Dopo la discesa dello stivale, il passaggio autorizzato dal Papa attraverso lo Stato della Chiesa e le prime conquiste, don Carlo entrò a Napoli il 10 Maggio 1734, festeggiato dal popolo stanco della dominazione austriaca e dai nobili, i quali vedevano rinnovate le speranze di indipendenza. Le resinstenze austriache, tuttavia, erano tutt’altro che domate, e gli Spagnoli dovettero conquistare le roccaforti una ad una: il 26 maggio ci fu la storica battaglia di Bitonto, vicino Bari, dove ancora si svolge la rievocazione degli avvenimenti dell’epoca, in ricordo del punto di avvio di una nuova prosperità per il Mezzogiorno, fino al 24 Novembre, con la caduta di Capua.
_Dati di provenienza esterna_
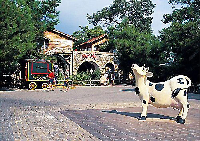 Про этот отель на ЯПе уже писали, очень харизматичное было место, сейчас он заброшен, но тогда имя ему было НАТУРЛЕНД, а чуть позже ВЕРА РЕЗОРТ. Делился на три зоны, аква, форест и кантри. Аква была типичным пляжным отелем Кемера, корпус Фореста прятался на горе в сосновом лесу, а на другом склоне располагались каскадом блоки Кантри, где люди жили с видом из окна на грядки или внутрь парника... В гору вёз маленький фуникулёр, а под гору и пешком было нормально. Территория была где-то квадратный километр.

Nel 1735 Carlo scacciò gli Austriaci anche dalla Sicilia, venendo incoronato Re di Sicilia il 1735, a Palermo. I due Regni saranno poi uniti anche formalmente nel 1816 dal figlio di Carlo, Ferdinando, dando vita al Regno delle Due Sicilie. A Napoli, secondo l’investitura papale, fu Carlo VII, in Sicilia Carlo III, però egli scelse di non usare nessuna titolatura perché i sovrani precedenti regnarono da un trono straniero: il Re identificò se stesso, a questo punto, semplicemente come “Carlo”.
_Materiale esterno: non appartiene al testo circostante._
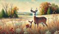 Rustic Charm: White-tailed Deer in Vintage Illinois Countryside Art

Don Carlo, il buon Re, fu un sovrano amato dal popolo e che amò il popolo, tanto che, dovendo abbandonare Napoli perché la corona spagnola nel 1759 era rimasta senza eredi, se ne andò palesemente controvoglia; in Spagna divenne Carlo III, non essendoci, questa volta, alcuna diatriba circa la numerazione. Nel frattempo Carlo aveva avviato una serie di interventi
che faranno prosperi i suoi regni, e di Napoli una delle principali capitali d’Europa. Inaugurò gli Scavi Archeologici di Pompei, Ercolano e Stabia, oltre alle costruzioni del Teatro di San Carlo, le Regge di Portici e Capodimonte, il Foro Carolino (l’attuale Piazza Dante a Napoli), la Reggia di Caserta, gli Alberghi dei Poveri a Napoli e Palermo, oltre ad altri diversi interventi in tutti i suoi territori, in particolar modo di tipo amministrativo e politico. Il riportare alla luce le città sepolte dal Vesuvio creò grande entusiasmo in tutta l’Europa, vale a dire in tutto il mondo, e Napoli divenne la meta finale e più preziosa del Gran Tour; lo stesso Re Carlo si recava spessissimo a controllare lo stato degli scavi, e portava sempre al dito un anello che aveva trovato a Pompei, l’anello che poi restituirà in quanto di proprietà del popolo napoletano, quando se ne partì per la Spagna. Imparò la Lingua Napoletana per essere in grado di capire e comunicare con il suo popolo e, secondo una leggenda, in Spagna portò con sé anche un po’ del sangue di San Gennaro.